Reading the wind capacity factor and geopotential height data#

We follow the same procedure as in # Tutorial: Regularization, Model Selection and Evaluation.

# Import modules
from pathlib import Path
import numpy as np
import matplotlib.pyplot as plt
plt.rc('font', size=14)

# Data directory
DATA_DIR = Path('data')

# Filename to geopotential height at 500hPa from MERRA-2 reanalysis
START_DATE = '19800101'
END_DATE = '20220101'
filename = 'merra2_analyze_height_500_month_{}-{}.nc'.format(START_DATE, END_DATE)
z500_label = 'Geopotential height (m)'

Question

  • Read the geopotential height data using xarray.load_dataset and print it.

# answer cell

Question (optional)

  • Coarsen the grid resolution of the geopotential height field to reduce the number of variables.

# answer cell

Representing the first moments of the geopotential height field#

Question

  • Compute the mean and the variance of the geopotential height with the mean and var methods.

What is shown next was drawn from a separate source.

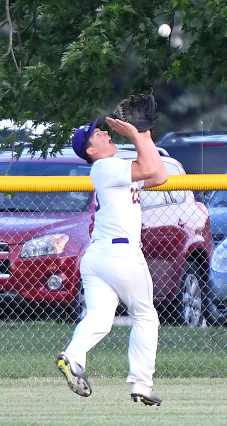 - WCHS center fielder Caleb Olson races back to make a catch on the run during the first inning against Algona on Friday. DFJ photo/Troy Banning

  • Plot the mean with the plot method.

  • Do a filled-contour plot of the variance with the plot.contourf method.

# answer cell

Question

  • Plot the variance of the geopotential height.

# answer cell

Question

  • Scale the geopotential-height deviations to account for variations in the area represented by each grid point.

  • Plot the variance of the scaled geopotential height.

  • Qualitatively describe the mean and variance of the geopotential height.

# answer cell

Answer:

PCA of the geopotential height field#

Question

  • Estimate the covariance matrix of the scaled geopotential height using the stack method of data arrays.

# answer cell

Question

  • Compute EOFs and corresponding variances using np.linalg.eigh.

# answer cell

Question

  • Sort the EOFs and corresponding variances by decreasing variances.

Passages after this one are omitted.